> **RECORDS PROVIDED**:
╭──
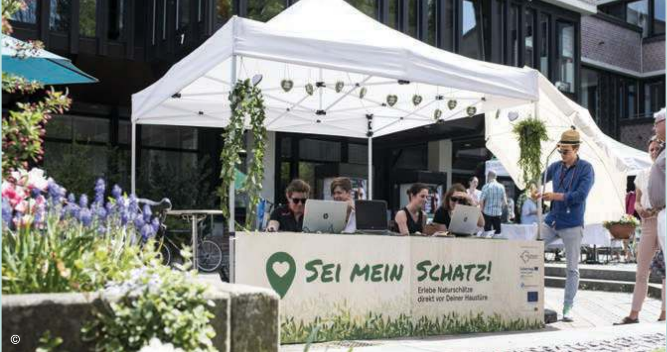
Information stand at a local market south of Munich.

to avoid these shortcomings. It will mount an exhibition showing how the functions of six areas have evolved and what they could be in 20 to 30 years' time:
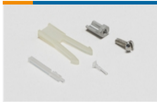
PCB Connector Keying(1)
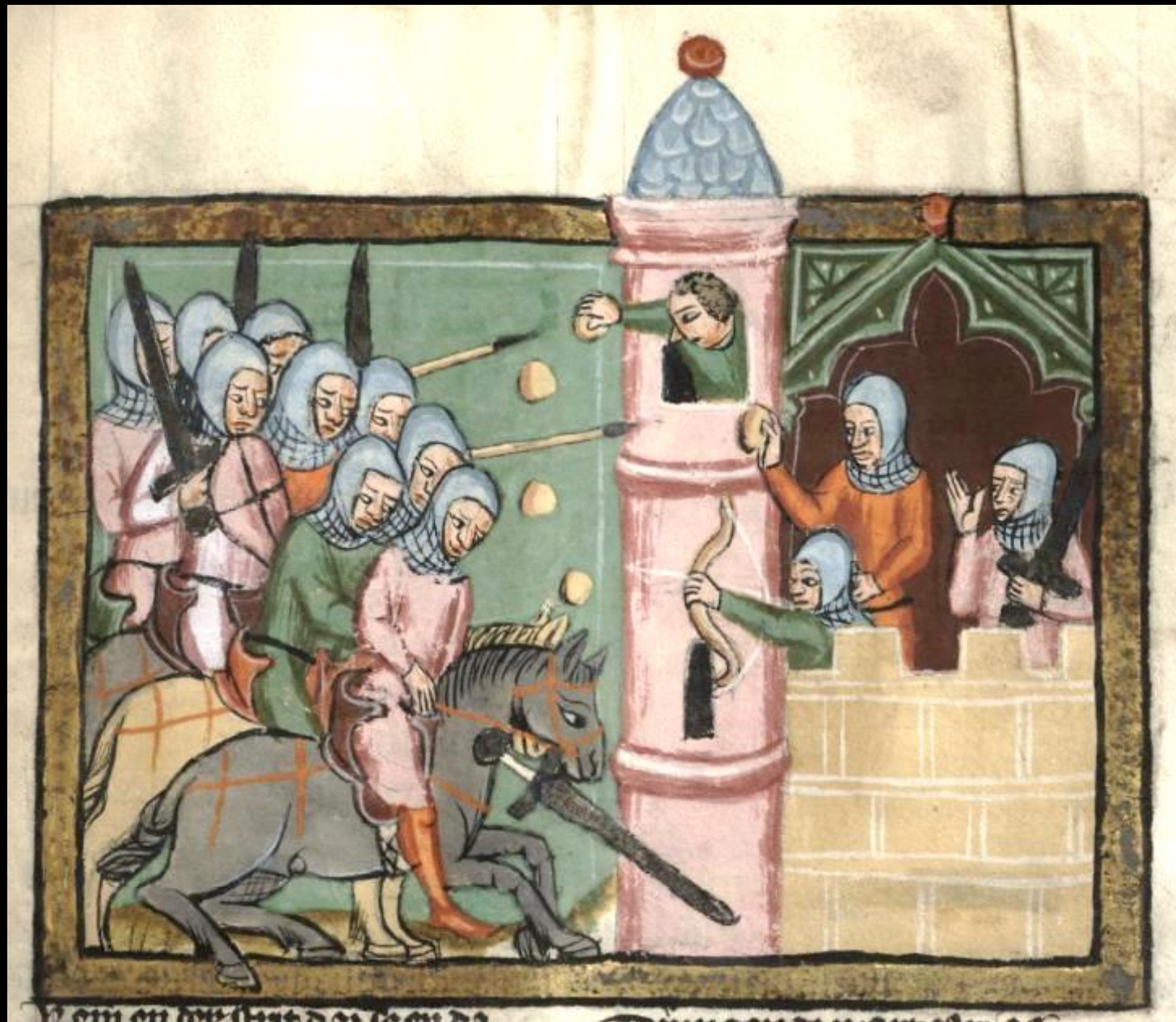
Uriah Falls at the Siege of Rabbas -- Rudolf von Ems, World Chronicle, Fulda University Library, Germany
╰──
╭──
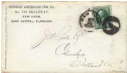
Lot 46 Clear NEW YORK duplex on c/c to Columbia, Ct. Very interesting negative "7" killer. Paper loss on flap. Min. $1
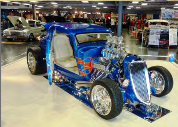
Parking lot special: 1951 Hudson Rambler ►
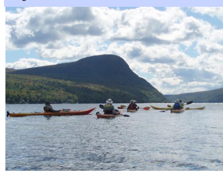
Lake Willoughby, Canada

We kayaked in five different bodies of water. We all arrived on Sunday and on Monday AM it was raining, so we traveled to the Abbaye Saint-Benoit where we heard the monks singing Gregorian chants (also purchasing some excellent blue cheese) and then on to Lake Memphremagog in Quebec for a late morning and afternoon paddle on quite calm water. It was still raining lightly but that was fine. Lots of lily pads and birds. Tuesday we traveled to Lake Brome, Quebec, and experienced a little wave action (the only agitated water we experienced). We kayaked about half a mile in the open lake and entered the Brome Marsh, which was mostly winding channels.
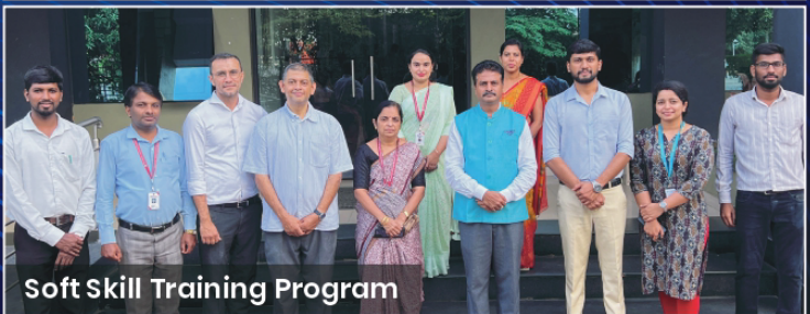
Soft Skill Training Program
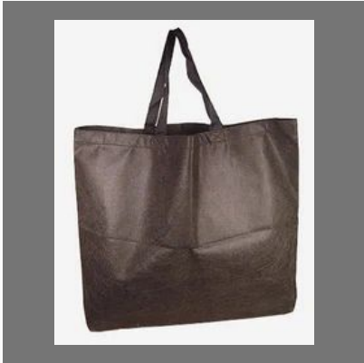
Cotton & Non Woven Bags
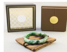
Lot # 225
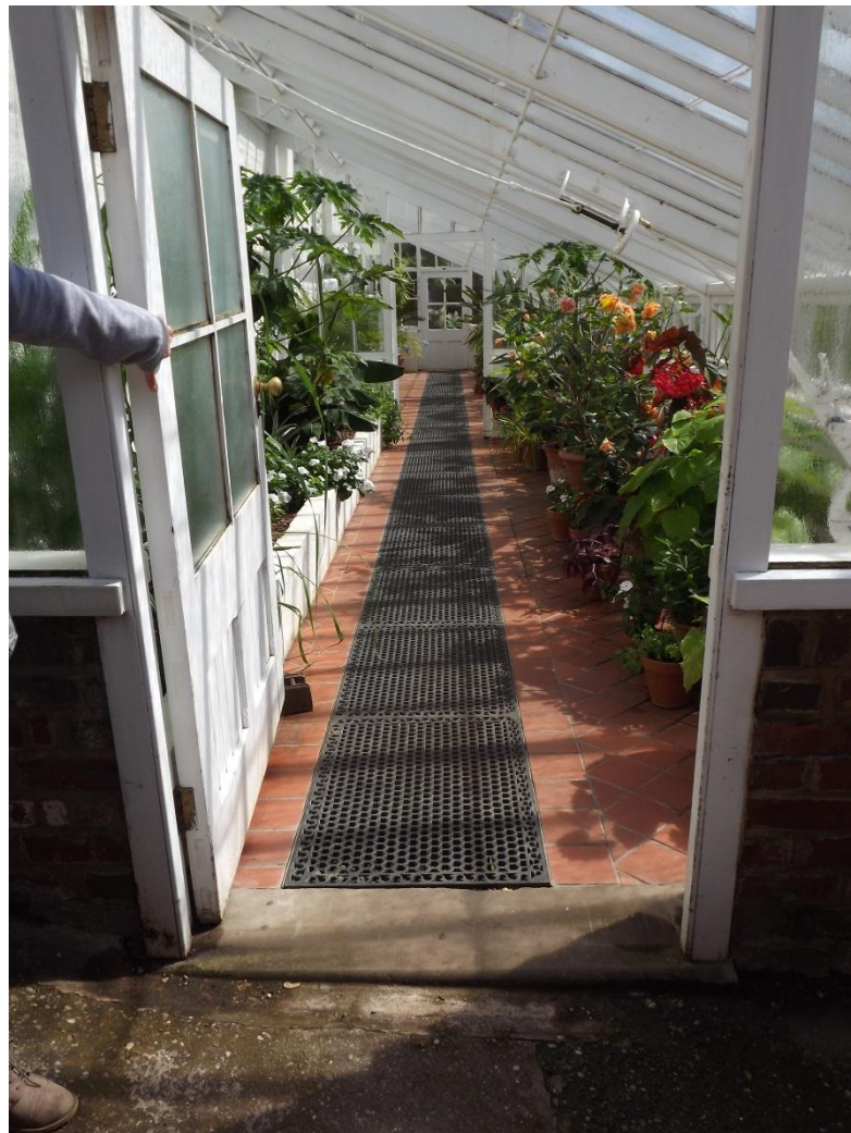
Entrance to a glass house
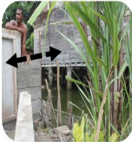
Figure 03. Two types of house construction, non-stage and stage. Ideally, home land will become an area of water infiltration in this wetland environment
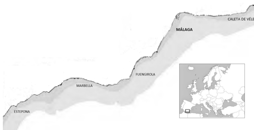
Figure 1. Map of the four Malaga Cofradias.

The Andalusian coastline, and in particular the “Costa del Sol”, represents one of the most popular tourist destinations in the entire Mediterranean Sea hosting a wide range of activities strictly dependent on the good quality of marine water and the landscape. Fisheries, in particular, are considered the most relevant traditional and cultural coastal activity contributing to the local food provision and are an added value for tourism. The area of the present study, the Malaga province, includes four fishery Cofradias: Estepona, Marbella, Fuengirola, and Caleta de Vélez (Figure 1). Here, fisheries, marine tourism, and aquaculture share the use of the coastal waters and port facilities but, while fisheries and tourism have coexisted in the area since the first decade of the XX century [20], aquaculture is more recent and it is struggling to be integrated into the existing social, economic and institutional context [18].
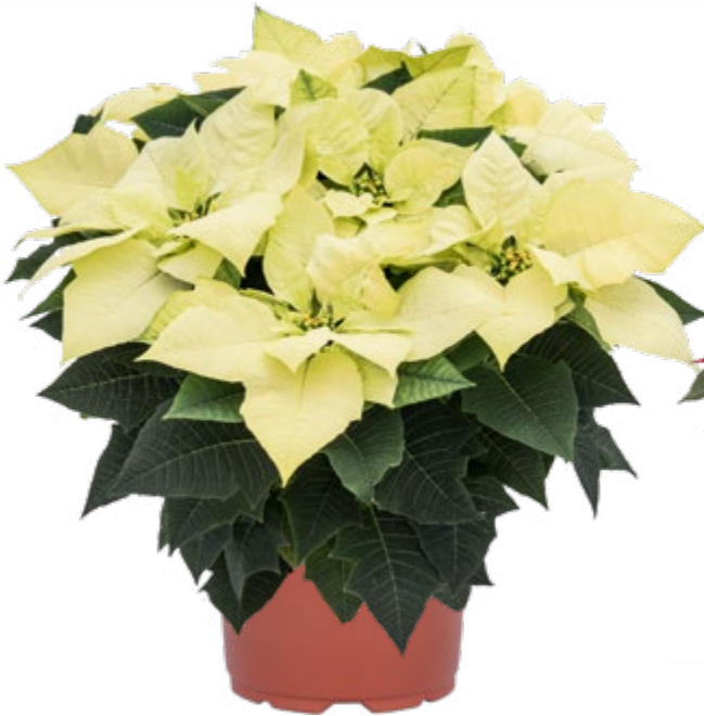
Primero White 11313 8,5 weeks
╰──
> **TASK REQUIREMENTS**: Give again the stretch of the entries above that begins at the line with "to avoid these" and ends at the line with "Uriah Falls at", word for word, with no pictures.

> **WRITTEN RESPONSE**:
to avoid these shortcomings. It will mount an exhibition showing how the functions of six areas have evolved and what they could be in 20 to 30 years' time:
PCB Connector Keying(1)
Uriah Falls at the Siege of Rabbas -- Rudolf von Ems, World Chronicle, Fulda University Library, Germany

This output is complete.